On 6 February 2014, Global announced it would be rebranding all Real Radio stations as Heart. On 1 May 2014, local programming moved from Tingley, Wakefield to share facilities with sister station Capital Yorkshire in Hanover Walk, Leeds.

The full relaunch as Heart Yorkshire took place on Tuesday 6 May 2014. The station's audience share increased from 5.5% to over 7% following the relaunch. In June 2015 the Yorkshire MXR multiplex closed. Heart Yorkshire moved their services to local multiplexes in Leeds, Bradford and Sheffield, however they chose not to take up options in Hull and York.

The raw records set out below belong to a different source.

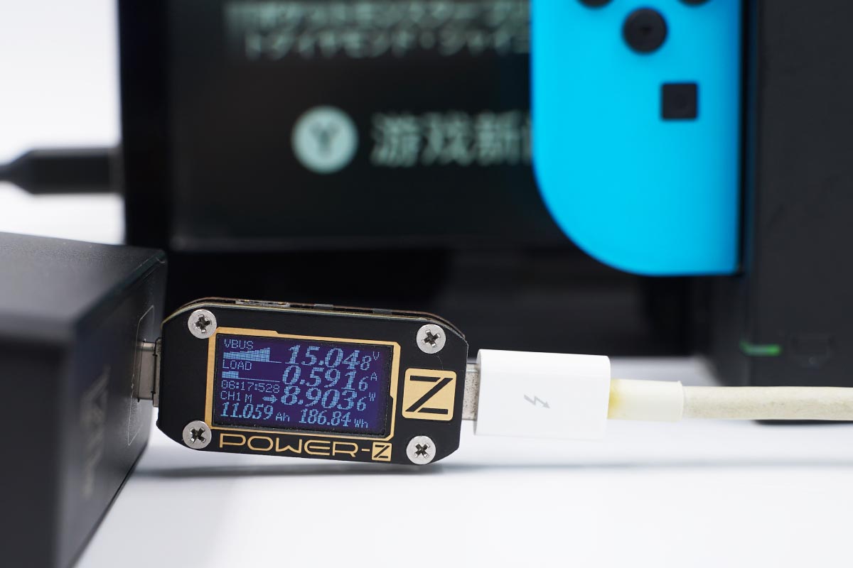 Switch带有特殊的底座TV模式,需要15V3A PDO才可以正常工作,非常挑充电设备。使用充电器为Switch底座供电,功率为15.04V 0.59A 8.90W,成功握手底座TV模式,底座正常对显示屏输出HDMI信号。
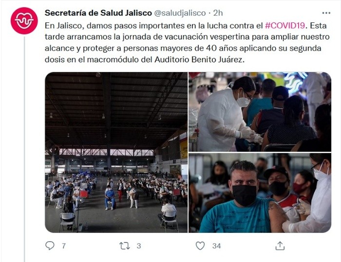 La tarde de este lunes, la Secretaría de Salud Jalisco (SSJ) incorporó la jornada vespertina de vacunación contra COVID-19 en el macromódulo metropolitano habilitado en el Auditorio Benito Juárez, en Zapopan.El secretario de salud, Fernando Petersen supervisó la jornada vespertina bajo el Modelo Jalisco de Vacunación, que incluye el sistema de citas vía web. El titular invitó a la población invito acudir a la hora determinada, sólo con 15 minutos de anticipación.“Estamos vacunando 40 años y más, por lo que te recordamos uno: que no pierdas tu cita, son muy importantes tus citas y no olvides tus papeles”, expresó el servidor público.Las vacunas que se están aplicando durante la tarde corresponden a las jornadas activas según el calendario. En la semana del 20 al 24 de septiembre se estarán aplicando alrededor de 60 mil segundas dosis de la farmacéutica AztraZeneca antes del 16 de julio.Se destinarán entre 12 mil y 14 mil vacunas por día para ser aplicadas en un horario de 15:30 a 19:00 horas.En las próximas semanas en el turno vespertino se aplicarán tanto segundas como primeras dosis, de acuerdo a las convocatorias publicadas en las redes sociales del Gobierno del Estado.Destacaron que por la tarde no se atenderán incidencias, por lo que exigen que solamente vayan personas con la cita emitida en la plataforma https://vacunacion.jalisco.gob.mx en convocatoria abierta.La SSJ emitió las siguientes recomendaciones:Si te interesó esta noticia y quieres saber más, entonces descarga y descubre INFORMAPlus, la aplicación digital de EL INFORMADOR, en donde tenemos contenidos exclusivos, seleccionados por nuestros editores, para darles una experiencia más completa a los lectores. Si eres suscriptor de EL INFORMADOR tu acceso está incluido, solicítalo al 33 3678-7777.Descarga la aplicación y pruébala GRATIS por treinta días.Para iOS: https://apple.co/35jaVgbPara Android: https://bit.ly/3gwVSEVJM
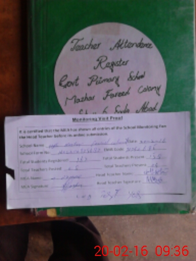 | EMIS Code: 31340685 | Name of School: GPS MAZHAR FARID COLONY | |||
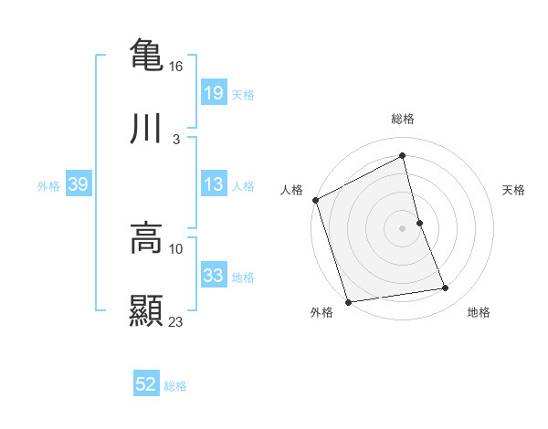 亀川 高顯さんの総格は52画の4点!

In February 2019, following OFCOM's decision to relax local content obligations from commercial radio, Global announced it would replace Heart Yorkshire's local breakfast and weekend shows with networked programming from London.

From 3 June 2019, the station's local output consisted of a three-hour Drivetime show on weekdays hosted by Dixie & Emma, alongside local news bulletins, traffic updates and advertising.

As of 24 February 2025 all programming originates from Global's London headquarters, including Heart Drive, presented each weekday by JK and Kelly Brook.

==News==
Journalists within Yorkshire produce hourly regional news bulletins from 6 am–7 pm on weekdays and 6 am–12 pm at weekends.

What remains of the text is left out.